Она хочет продолжить, но осекается и, захрипев, вдруг теряет сознание. Я хватаю Германа за грудки и исступленно трясу. Любовь моя при смерти, и мне не к чему больше взывать, кроме дружбы. Друг вырывается, саданув меня локтем в промежность. Если уж он прибегнул к насилию, значит, мир окончательно рухнул. Значит, Светлану уже не спасут. Санитар и сестра гонят толчками меня из палаты. Согнувшись в дугу, я валюсь на скамью и молюсь, хотя Бога сейчас ненавижу:
– Сделай что-нибудь, Ты, Дармоед!
Я верю в Него что есть сил, пусть обычно совсем и не верю. Я готов Ему жопу лизать, лишь бы дал мне еще один шанс. Я лижу Ему задницу восемь минут, в течение которых я слышу, как стреляет по сердцу дефибриллятор – раз, два – и снова там что-то пищит, потом – три! – спотыкается о тишину и, булькнув, считает по каплям удары. Для меня этот звук – благовест.

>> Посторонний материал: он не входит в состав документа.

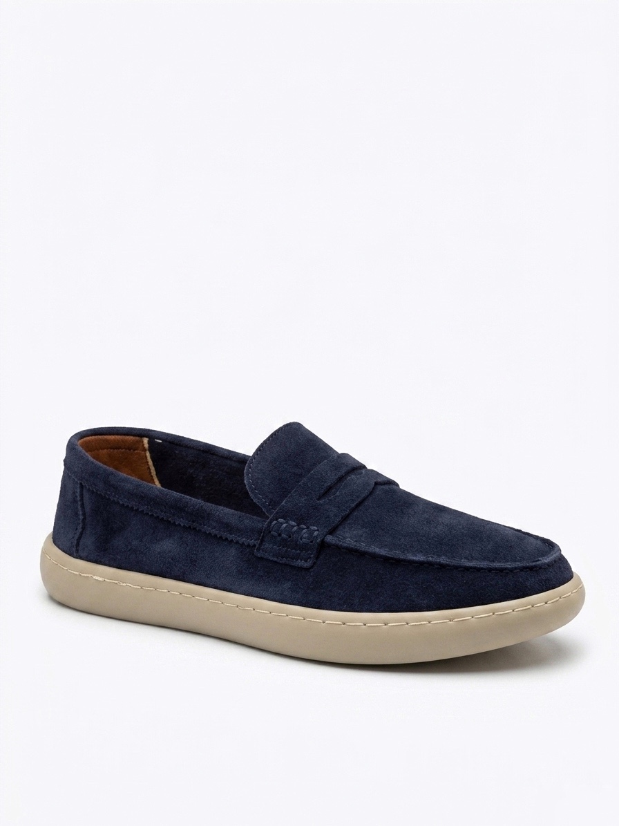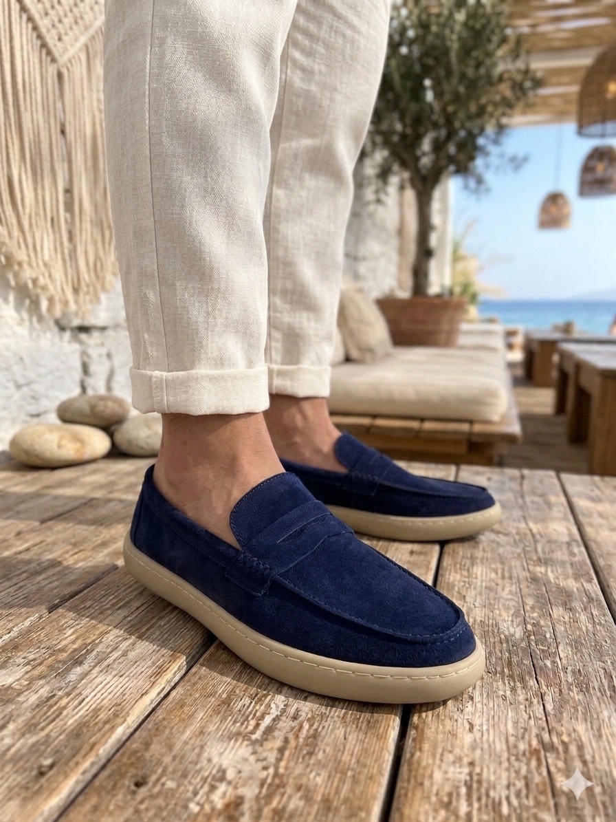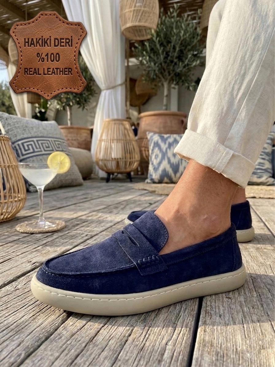 BA0251 %100 İçi Dışı Hakiki Deri Erkek Lacivert Süet Casual Loafer Kauçuk Rahat Taban Dikişli Ayakkabı

Еще через двадцать минут в дверях появляется друг и берет у меня сигарету. Мы выходим на холод, вкрутую дымим. Герка бледен и смахивает на старушку, а заодно – на замерзшего ползунка. С ним что-то не так, думаю крадучись я, потом замечаю, что он нынче без бороды. Объясняет, что сбрил на Восьмое в подарок Маринке. Взгляд его как-то особенно, вбрызг, расточителен синью. Ее не унять даже ржавчине трещин на помутневших белках. Из-под пальто полосятся штанины пижамы. Шапки нет – злится, что где-то ее потерял.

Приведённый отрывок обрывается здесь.